• What the exercise asks: Drop every picture, then repeat the records exactly.
***** Records for processing
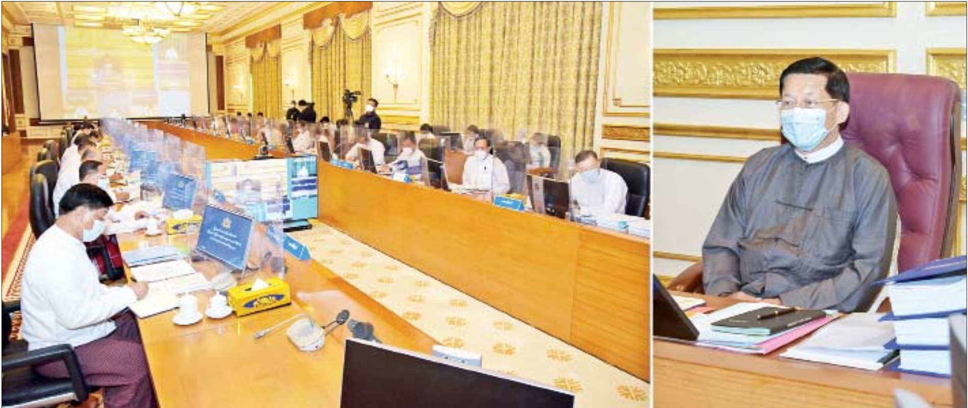
လုံခြုံရေး၊ တည်ငြိမ်အေးချမ်းရေးနှင့် တရားဥပဒေစိုးမိုးရေးကော်မတီဥက္ကဋ္ဌ၊ နိုင်ငံတော်စီမံအုပ်ချုပ်ရေးကောင်စီဥက္ကဋ္ဌ၊ နိုင်ငံတော်ဝန်ကြီးချုပ် ဗိုလ်ချုပ်မှူးကြီး မင်းအောင်လှိုင် ပြည်ထောင်စုသမ္မတ မြန်မာနိုင်ငံတော်လုံခြုံရေး၊ တည်ငြိမ်အေးချမ်းရေးနှင့် တရားဥပဒေစိုးမိုးရေးကော်မတီ အစည်းအဝေး အမှတ်စဉ်(၄/၂၀၂၁)တွင် အမှာစကားပြောကြားစဉ်။

နေပြည်တော် ဩဂုတ် ၃၁ ပြည်ထောင်စုသမ္မတမြန်မာနိုင်ငံတော် လုံခြုံရေး၊ တည်ငြိမ်အေးချမ်းရေးနှင့် တရားဥပဒေစိုးမိုးရေးကော်မတီ အစည်းအဝေးအမှတ်စဉ်(၄/၂၀၂၁)အား ယနေ့မွန်းလွဲပိုင်းတွင် နေပြည်တော်ရှိ နိုင်ငံတော်စီမံအုပ်ချုပ်ရေး ကောင်စီဥက္ကဋ္ဌရုံး အစည်းအဝေးခန်းမ၌ကျင်းပရာ လုံခြုံရေး၊ တည်ငြိမ်အေးချမ်းရေးနှင့် တရားဥပဒေစိုးမိုးရေးကော်မတီဥက္ကဋ္ဌ၊ နိုင်ငံတော်စီမံအုပ်ချုပ်ရေးကောင်စီဥက္ကဋ္ဌ၊ ပြည်ထောင်စုသမ္မတ မြန်မာနိုင်ငံတော် အိမ်စောင့်အစိုးရအဖွဲ့၊ နိုင်ငံတော်ဝန်ကြီးချုပ် ဗိုလ်ချုပ်မှူးကြီး မင်းအောင်လှိုင် တက်ရောက်အမှာစကား ပြောကြားသည်။ စာမျက်နှာ ၃ ကော်လံ ၁ သို့ ။
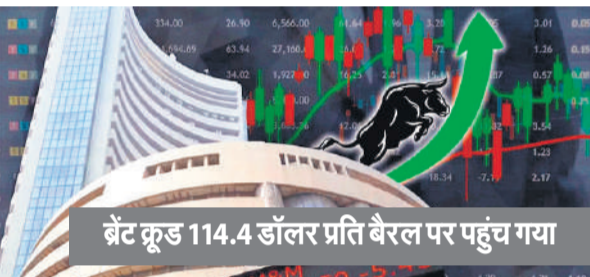
ब्रेट कूड 114.4 डॉलर प्रति बैरल पर पहुंच गया

एशिया के अन्य बाजारों में दक्षिण कोरिया का सूचकांक कांसो, चीन का शंघाई कंपोजिट और हांगकांग का हैंग सेंग बढ़त के साथ बंद हुए।
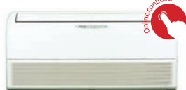
Flexi - FLXS-B
**********
• Answer below:
လုံခြုံရေး၊ တည်ငြိမ်အေးချမ်းရေးနှင့် တရားဥပဒေစိုးမိုးရေးကော်မတီဥက္ကဋ္ဌ၊ နိုင်ငံတော်စီမံအုပ်ချုပ်ရေးကောင်စီဥက္ကဋ္ဌ၊ နိုင်ငံတော်ဝန်ကြီးချုပ် ဗိုလ်ချုပ်မှူးကြီး မင်းအောင်လှိုင် ပြည်ထောင်စုသမ္မတ မြန်မာနိုင်ငံတော်လုံခြုံရေး၊ တည်ငြိမ်အေးချမ်းရေးနှင့် တရားဥပဒေစိုးမိုးရေးကော်မတီ အစည်းအဝေး အမှတ်စဉ်(၄/၂၀၂၁)တွင် အမှာစကားပြောကြားစဉ်။

နေပြည်တော် ဩဂုတ် ၃၁ ပြည်ထောင်စုသမ္မတမြန်မာနိုင်ငံတော် လုံခြုံရေး၊ တည်ငြိမ်အေးချမ်းရေးနှင့် တရားဥပဒေစိုးမိုးရေးကော်မတီ အစည်းအဝေးအမှတ်စဉ်(၄/၂၀၂၁)အား ယနေ့မွန်းလွဲပိုင်းတွင် နေပြည်တော်ရှိ နိုင်ငံတော်စီမံအုပ်ချုပ်ရေး ကောင်စီဥက္ကဋ္ဌရုံး အစည်းအဝေးခန်းမ၌ကျင်းပရာ လုံခြုံရေး၊ တည်ငြိမ်အေးချမ်းရေးနှင့် တရားဥပဒေစိုးမိုးရေးကော်မတီဥက္ကဋ္ဌ၊ နိုင်ငံတော်စီမံအုပ်ချုပ်ရေးကောင်စီဥက္ကဋ္ဌ၊ ပြည်ထောင်စုသမ္မတ မြန်မာနိုင်ငံတော် အိမ်စောင့်အစိုးရအဖွဲ့၊ နိုင်ငံတော်ဝန်ကြီးချုပ် ဗိုလ်ချုပ်မှူးကြီး မင်းအောင်လှိုင် တက်ရောက်အမှာစကား ပြောကြားသည်။ စာမျက်နှာ ၃ ကော်လံ ၁ သို့ ။
ब्रेट कूड 114.4 डॉलर प्रति बैरल पर पहुंच गया

एशिया के अन्य बाजारों में दक्षिण कोरिया का सूचकांक कांसो, चीन का शंघाई कंपोजिट और हांगकांग का हैंग सेंग बढ़त के साथ बंद हुए।
Flexi - FLXS-B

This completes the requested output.